We could also provide the LLM with a list of rules and let the memory component inject them whenever we instruct the LLM to code according to those rules.

System Prompt

This isn’t necessarily a separate tool, but rather a part of the dialog with the LLM. If you have access to the system prompt (sometimes hidden from the user in Chatbots like ChatGPT ), you can inject these rules there.

This ensures that the LLM is aware of the rules with every completion.

However, it can also make the conversation longer than necessary—even when asking a simple question.

Customization

Some chatbots, like ChatGPT, offer customization options where you can provide specific instructions. Claude has something similar.

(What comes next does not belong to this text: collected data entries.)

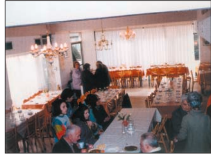
Προετοιμασία συσσιτίου σε γηροκομείο της Αρχιεπισκοπής Αθηνών.

Οι πρώτοι χριστιανοί, κάνοντας πράξη τη διδασκαλία του Χριστού, ζούσαν μαζί και είχαν τα πάντα κοινά. Όταν πουλούσαν τα κτήματα ή τα υπάρχοντά τους, μοιράζονταν μεταξύ τους τα χρήματα, ανάλογα με τις ανάγκες που είχε ο καθένας. Με απλότητα, μαζεύονταν σε ένα σπίτι κι εκεί τελούσαν τις Αγάπες , δηλαδή προσεύχονταν, κοινωνούσαν κι έτρωγαν όλοι μαζί. Έτσι, είχαν μεταξύ τους αγάπη, ομοψυχία κι ενότητα, γιατί αυτό που τους απασχολούσε, δεν ήταν πώς θα γίνουν πλουσιότεροι, αλλά το πώς θα νιώθουν και θα ζουν μεταξύ τους σαν αδέρφια.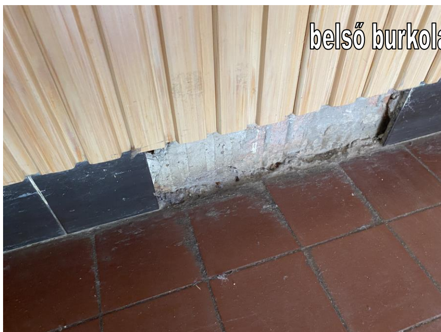
belső burkolatok, falak állapota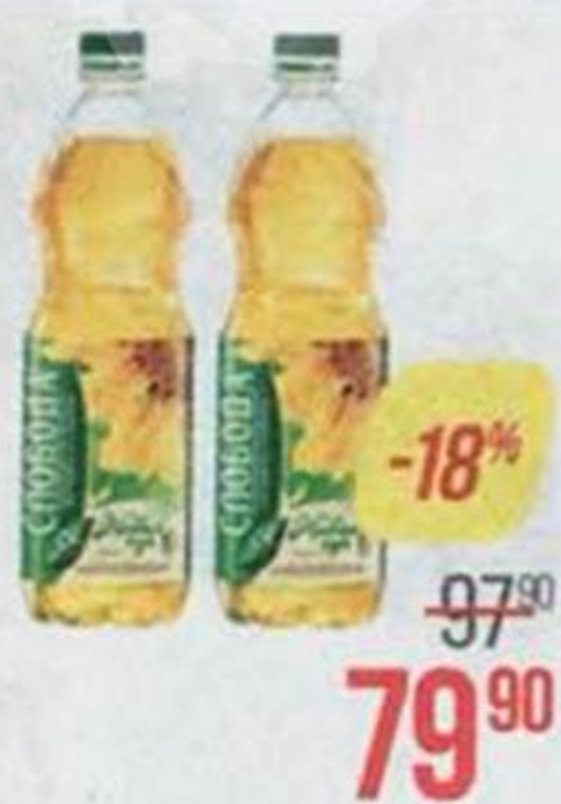
Масло подсолнечное СЛОБОДА , рафинированное, 1 л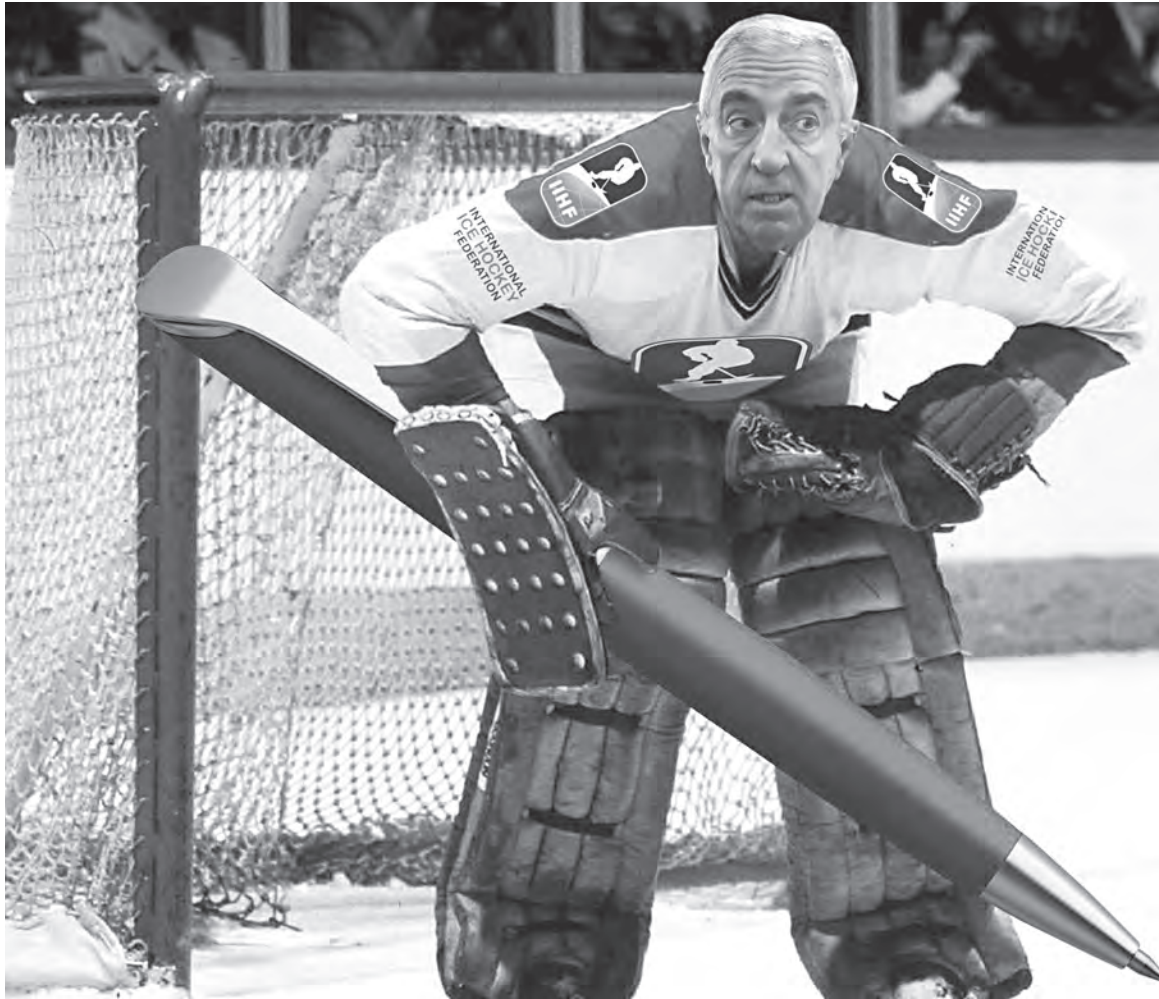
Пропустит ли глава Международной федерации хоккея Люк Тардиф белорусскую сборную на квалификацию к зимним Олимпийским играм?

В ближайшие дни станет ясно, допустят ли белорусских хоккеистов к отбору на Олимпиаду. Если честно, надежды мало. Спортивные чиновники, как и политические приверженцы санкций, в своих решениях руководствуются не логикой и здравым смыслом, а идеологическими стереотипами и закулисными подсказками.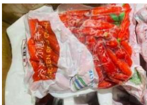
Ớt tươi đông lạnh 250g/túi 730y/kg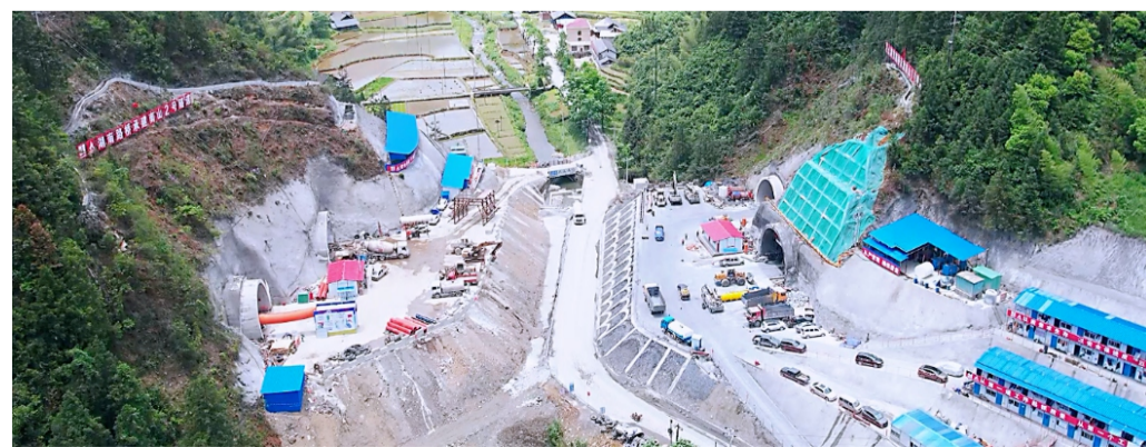
宿溪中桥已完成桩基并回填，南山1、2号隧道正施工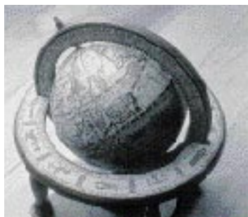
Con MicroGray 1200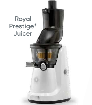
Royal Prestige® Juicer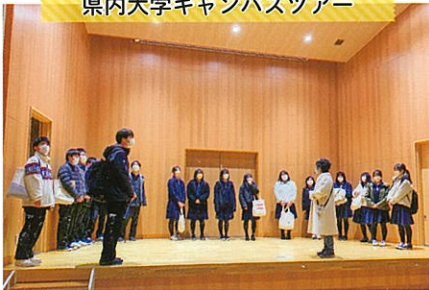
県内大学キャンパスツアー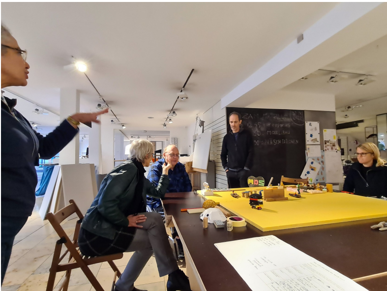
Oben: beim Erfinden der Personas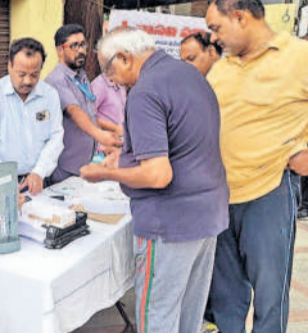
నారాయణగూడలోని మెట్కోట్ పార్కు ఆవరణలో బీటీ చెక్ ఉన్న వైద్యశిబిరం నిర్వహించారు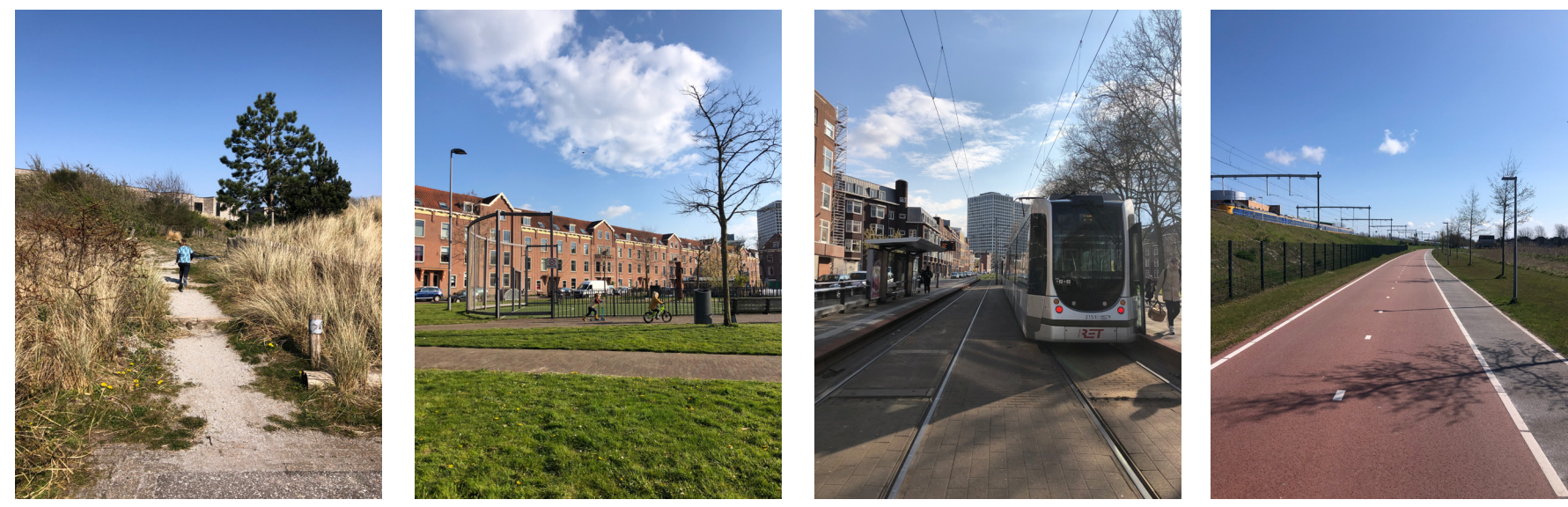
Ik definieer niet alles maar laat ruimte over voor de vrije interpretatie. Hierbij richt ik me enkel op de verbindingen door gebieden heen en niet op de volledige inrichting daarvan.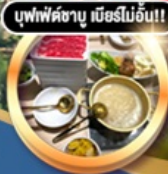
บุฟเฟ่ต์ชาบู เมื่อก่อน!!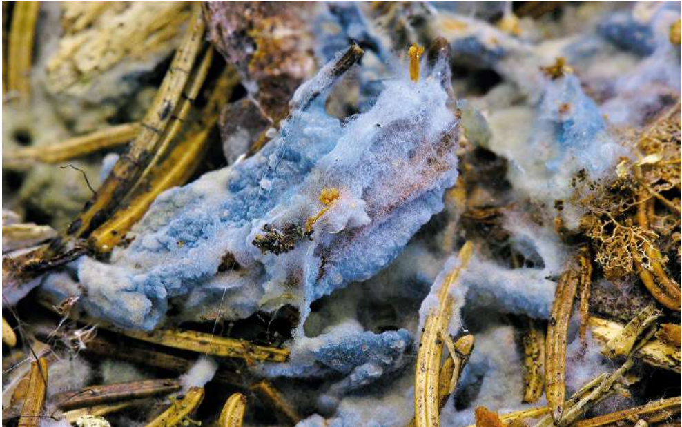
Abbildung 8: Schnallenloser Filzrindenpilz ( Byssocorticium caeruleum ).

Volkname wurde noch nicht vergeben. Wir möchten hier „Schnallenloser Filzrindenpilz“ vorschlagen. Mit welcher Baumart B. caeruleum eine Ektomykorrhizasymbiose bildet, bleibt offen, da sich der Fruchtkörper im Bereich dreier verschiedener Baumarten bildete. Die Arten der Gattung gelten als Naturnähezeiger und fallen alle durch ihre bläuliche bis grünliche Farbe auf. Die Fruchtkörper wachsen spinnwebartig in der Streuschicht, meist unter Totholzstrukturen. Sie sind nur mikroskopisch zu unterscheiden.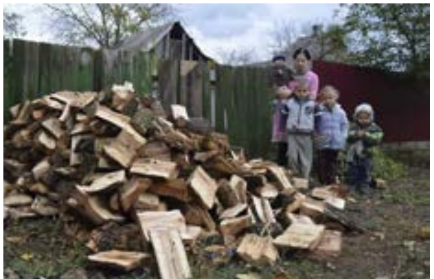
En lykkelig familie har fått ved til å varme opp et iskaldt og trekkfullt hus med. Kalde og ødelagte hus gjør barn og voksne syke. Motstandskraften er svak på grunn av underernæring og sult.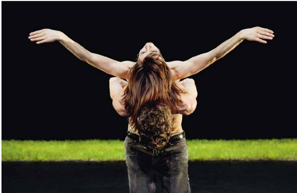
Une femme au soleil von Perrine Valli.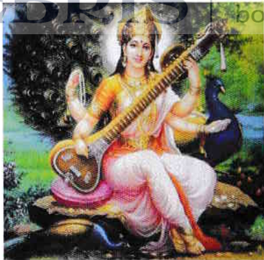
Zeita Saraswati soția zeului Brahma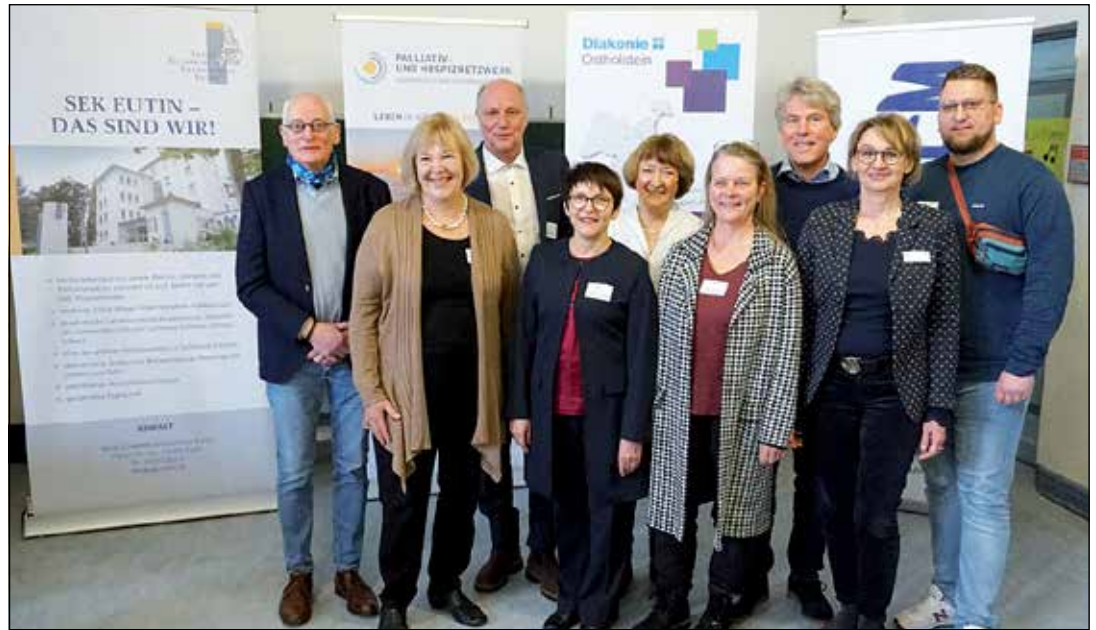
Austausch und Vernetzung standen beim Treffen in der Voß-Schule auf dem Programm.

„Selbst wenn nichts mehr zu machen ist, können wir noch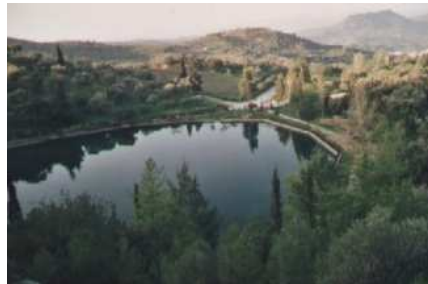
Vue du lac de Votonas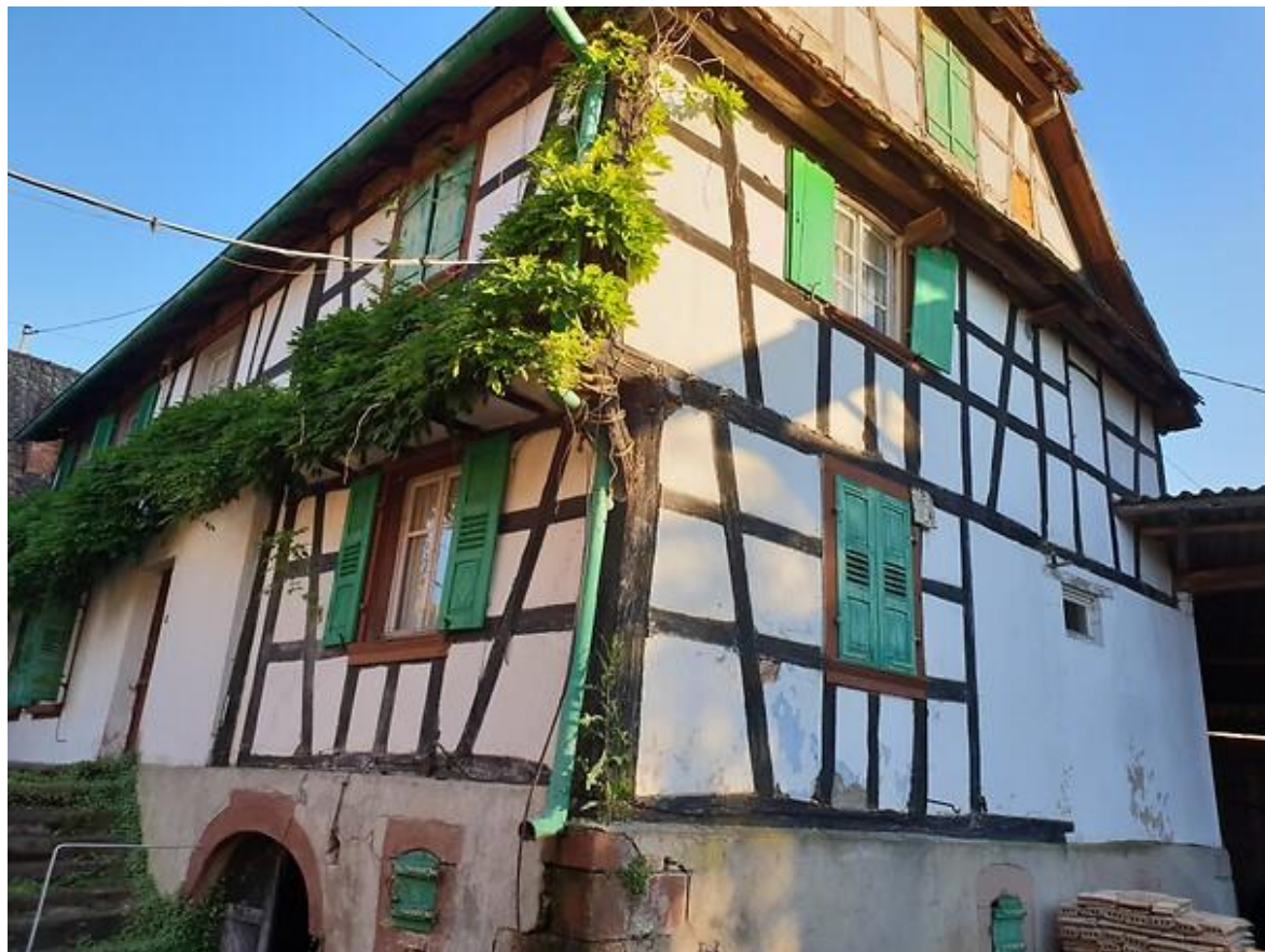
Ferme d'Engwiller (Bas-Rhin)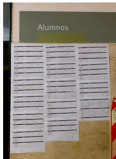
Imagen 1. Exhibición de horarios de cursado para alumnos

primera muestra una de las sectorizaciones del espacio potencial de exhibición a las que oficialmente se ha procedido, la Cartelera cultural , que da marco a cualesquiera promociones de actividades culturales, incluyendo las de iniciativa privada; la segunda, en cambio, muestra el usufructo de un lugar de exhibición, en uno de los muros de los espacios de circulación a los que atendimos, para el que no se han establecido previsiones especiales de ese tipo.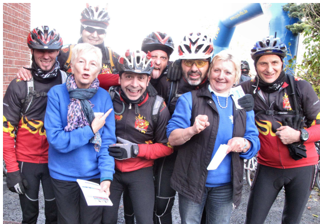
10) Ou alors ils l'agitent comme de beaux Diables !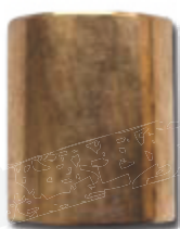
● Gleitlagerbuche WB (mit Schmieretaschen)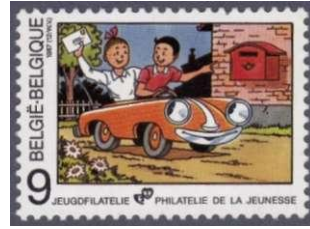
Afb 5. Jeugdfilatellie 1987: Suske en Wiske

Een heel ander soort stripverhaal, dat vooral in de beginjaren zijn Vlaamse afkomst bepaald niet verloochende, is Willy Vandersteens schepping Suske en Wiske . Deze brave jongelui, van wie de familiebetrekkingen met Tante Sidonia en Lambiek altijd wat onduidelijk blijven, beleven hun avonturen niet alleen in het heden, maar - dankzij de tijdmachine van Professor Barrabas - ook in het verleden en in de toekomst. Er zijn al enkele honderden (!) Suske & Wiske-albums verschenen, wat mogelijk gemaakt werd door het studio-systeem dat Vandersteen opzette. Uit diezelfde studio komen andere veedelige stripreeksen, zoals De Rode Ridder, Bessie en Karl May. Overigens werkte Vandersteen in zijn jonge jaren ook voor het weekblad Kuifje .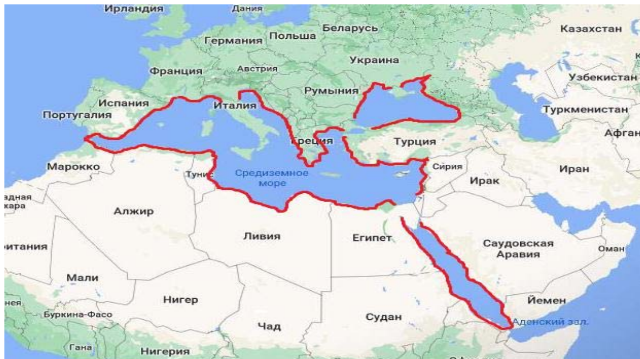
Рис. 1. Большое Средиземноморье в узком региональном масштабе

находящихся на берегу и в акватории трех морей — Средиземного, Красного и Черного, а также других небольших морей, расположенных между ними или по соседству, — Эгейского, Мраморного, Ионического, Азовского и т. д., то есть территорию Великобритании, Франции, Испании, Португалии, Марокко, Алжира, Туниса, Ливии, Египта, Судана, Эритреи, Джибути, Йемена, Саудовской Аравии, Иордании, Израиля, Палестины, Сирии, Ливана, Турции, Грузии, России, Украины, Молдовы, Румынии, Болгарии, Греции, стран бывшей Югославии, Италии, Сан-Марино, Ватикана, Монако, Кипра и Мальты. Учитывая географические и политические особенности, Пиренейский полуостров и территория бывшей Югославии, а также Молдова, Ватикан и Сан-Марино являются частью региона Большого Средиземноморья. Все события, происходящие в странах (в любой части страны), которые находятся на берегу этих трех морей, а также других небольших морей, расположенных между ними или по соседству, прямо касаются региона Большого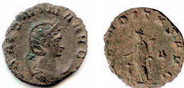
11- Antoniniano in lega di argento povero di Salonina, moglie di Gallieno, del 259-268, della zecca di Roma. Al Rovescio è rappresentata la personificazione della Fecunditas (la fertilità dell'imperatrice, che ha doto un erede all'imperatore, invito alla natalità della popolazione, che andava declinando) con la cornucopia e un bimbo. N. Cat. 478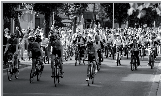
ZBĄSZYNEK NA ROWERY - 23.05.2019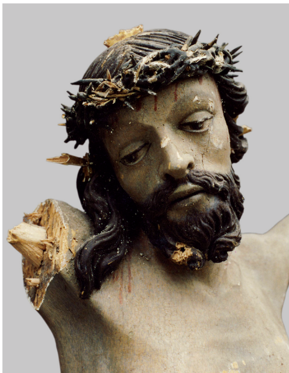
14. Skulptura Krista s prvog kata glavnog oltara, detalj s oštećenjima, 1995. g., (fototeka HRZ-a, snimio Đ. Šimičić) Sculpture of Christ from the first tier of the main altar, detail showing damages, 1995 (photographic archive of the HRZ, photo by Đ. Šimičić)

arhitekture oltara zatekli smo oštećenja manjih razmjera od onih na skulpturama i onih na ukrasnoj ornamentici; bila je prisutna prašina, dijelovi otpale žbuke, razdvajanje na spojevima, isprani dijelovi kredne osnove i polikromacije do drvenog nosioca. Anđeoske glavice, kerubini, sa završnog vijenca bile su većim dijelom sačuvane.

You can use this feature to set a list of rules. However, as the dialogue continues, the LLM might eventually forget some of them. Also note that these settings are available only in the chat interface and not through the API.

---

Wrap-Up

The sliding memory prompt can improve the quality of the chat by ensuring that the LLM always has access to a fresh set of rules, or even access to the essence of previous long conversations by summarising them from time to time. The possibilities are endless. However, it is important to remember that this is only a workaround that tries to overcome the memory limitation of LLMs.